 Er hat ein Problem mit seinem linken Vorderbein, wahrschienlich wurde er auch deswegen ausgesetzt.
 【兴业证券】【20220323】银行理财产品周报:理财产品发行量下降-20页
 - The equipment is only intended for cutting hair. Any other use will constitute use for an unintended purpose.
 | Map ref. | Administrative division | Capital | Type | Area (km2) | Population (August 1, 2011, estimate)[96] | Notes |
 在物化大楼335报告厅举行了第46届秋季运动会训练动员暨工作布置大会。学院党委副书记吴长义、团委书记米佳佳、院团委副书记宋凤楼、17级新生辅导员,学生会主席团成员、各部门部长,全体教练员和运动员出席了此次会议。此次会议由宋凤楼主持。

-----

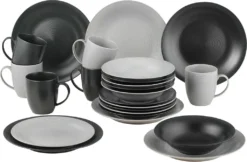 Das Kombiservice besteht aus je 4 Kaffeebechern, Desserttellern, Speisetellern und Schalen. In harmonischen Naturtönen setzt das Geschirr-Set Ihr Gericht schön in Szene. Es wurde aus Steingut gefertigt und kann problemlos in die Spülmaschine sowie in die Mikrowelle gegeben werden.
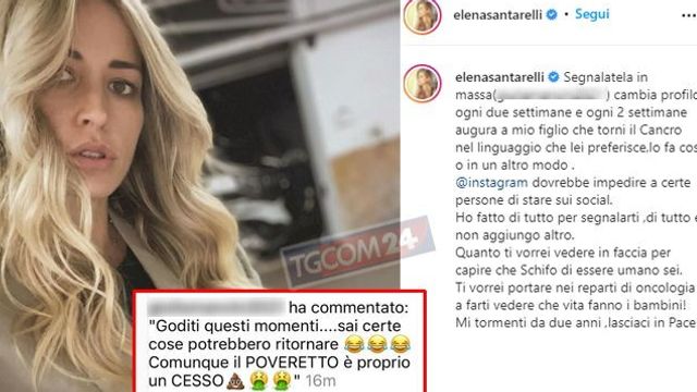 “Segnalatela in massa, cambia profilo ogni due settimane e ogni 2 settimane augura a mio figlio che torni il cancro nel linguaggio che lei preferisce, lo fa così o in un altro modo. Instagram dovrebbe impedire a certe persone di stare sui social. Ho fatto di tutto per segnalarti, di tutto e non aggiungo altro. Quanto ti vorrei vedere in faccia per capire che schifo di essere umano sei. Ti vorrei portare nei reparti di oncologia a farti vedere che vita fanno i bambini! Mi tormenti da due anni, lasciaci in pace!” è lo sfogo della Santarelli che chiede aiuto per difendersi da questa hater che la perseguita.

-----

**THE PROBLEM:** In the listing above, locate the line containing "estimate)[96] | Notes |" and the line containing "在物化大楼335报告厅举行了", then transcribe both and every line between them verbatim.

**ANSWER TO THIS TASK:**
 | Map ref. | Administrative division | Capital | Type | Area (km2) | Population (August 1, 2011, estimate)[96] | Notes |
 在物化大楼335报告厅举行了第46届秋季运动会训练动员暨工作布置大会。学院党委副书记吴长义、团委书记米佳佳、院团委副书记宋凤楼、17级新生辅导员,学生会主席团成员、各部门部长,全体教练员和运动员出席了此次会议。此次会议由宋凤楼主持。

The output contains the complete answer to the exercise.